NEW YORK (TheStreet) -- Many investors and traders avoid biotech and drug stocks altogether because they can be highly volatile and gut wrenching. Sarepta Therapeutics (SRPT) became the latest poster child of drug-sector volatility Tuesday when some bad news from the FDA sent shares plummeting more than 60%. The stock fell again Wednesday. All told, more than $800 million was erased from Sarepta's market value in two days.
As an active trader, I see stocks gap lower (and higher) every day, albeit usually not as severe as Sarepta. When a stock declines more than 60% in a single day, my first instinct is to assume bankruptcy protection is next. But biotech and drug stocks can recover from such extreme volatility, and that's particularly true for Sarepta because the door is still open for FDA approval of its Duchenne muscular dystrophy drug eteplirsen. There's even a wild card which make get Sarepta's drug approved sooner than the market expects.
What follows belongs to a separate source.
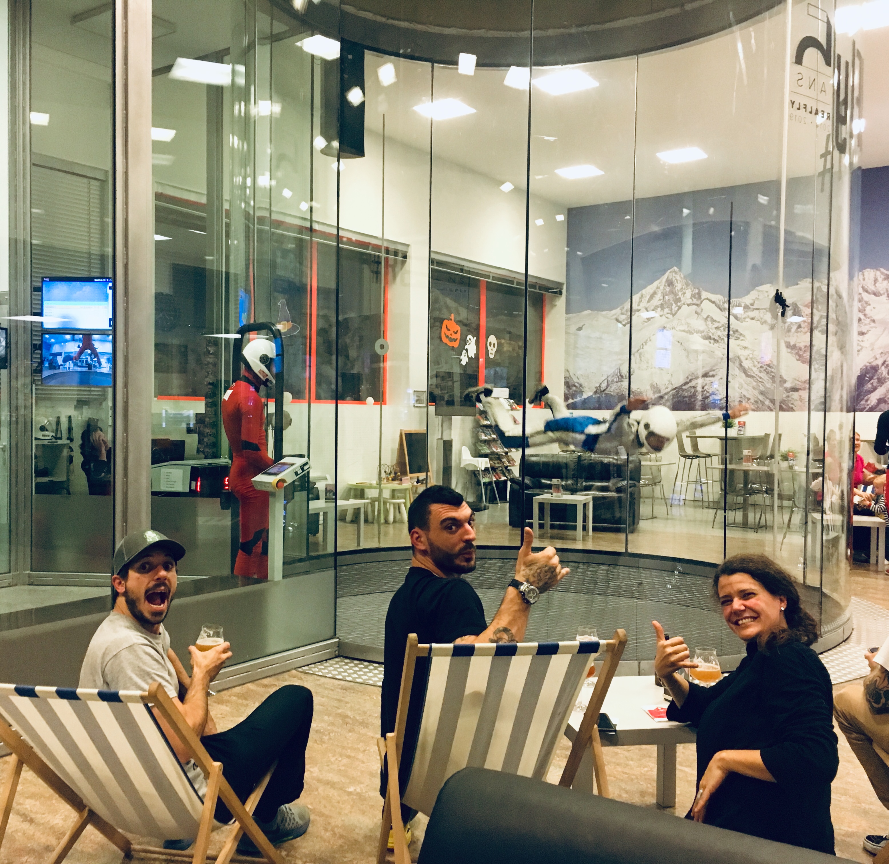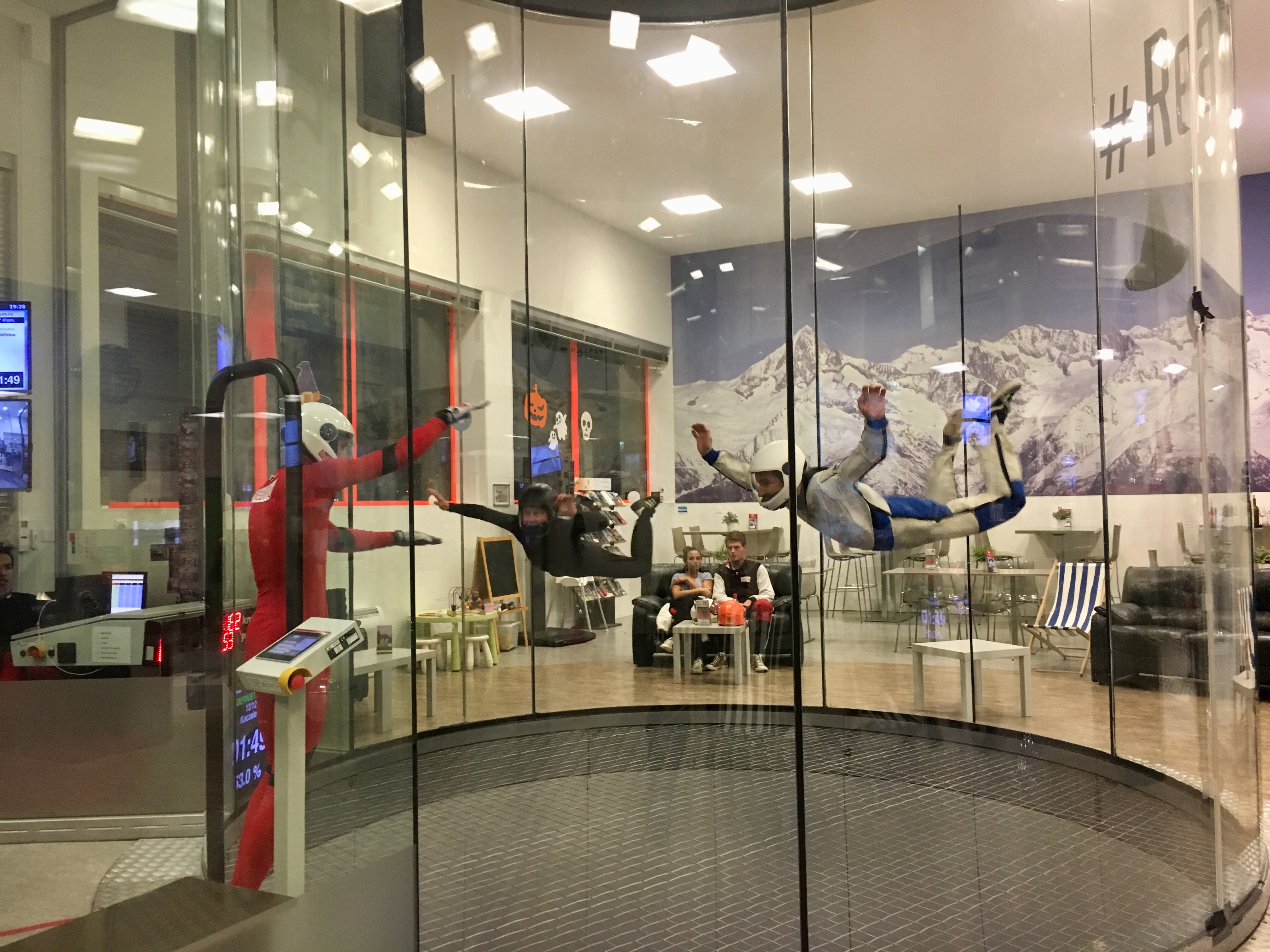 Le temps de quelques minutes des membres de prends-moi sec se sont envoyés en l’air! Claire leur a fait partager sa passion pour le saut en chute libre grâce au simulateur de Realfly à Sion. Une journée chargée en émotions et en sensations fortes, toujours dans la bonne humeur, qui se termine autour d’un bon repas à la « Vida Loca »! Un grand merci à Claire pour cette découverte.

The Street's Adam Feuerstein wrote an outstanding article laying out the Sarepta landscape. Feuerstein describes what went wrong, and more importantly, the anticipated amount of time before eteplirsen may reach another decision point with the FDA again. The long and short of it is Sarepta investors may have to wait another two or three years for an FDA approval decision on eteplirsen
With that said, there are a couple of favorable ways for traders to play Sarepta. Since large gaps lower generally have one or two days of follow-through, buy shares near or at the close on Thursday or early Friday (if near the lows.) After three down days, we typically see what's known as a "dead-cat bounce." Close out the trade with (hopefully) your gains.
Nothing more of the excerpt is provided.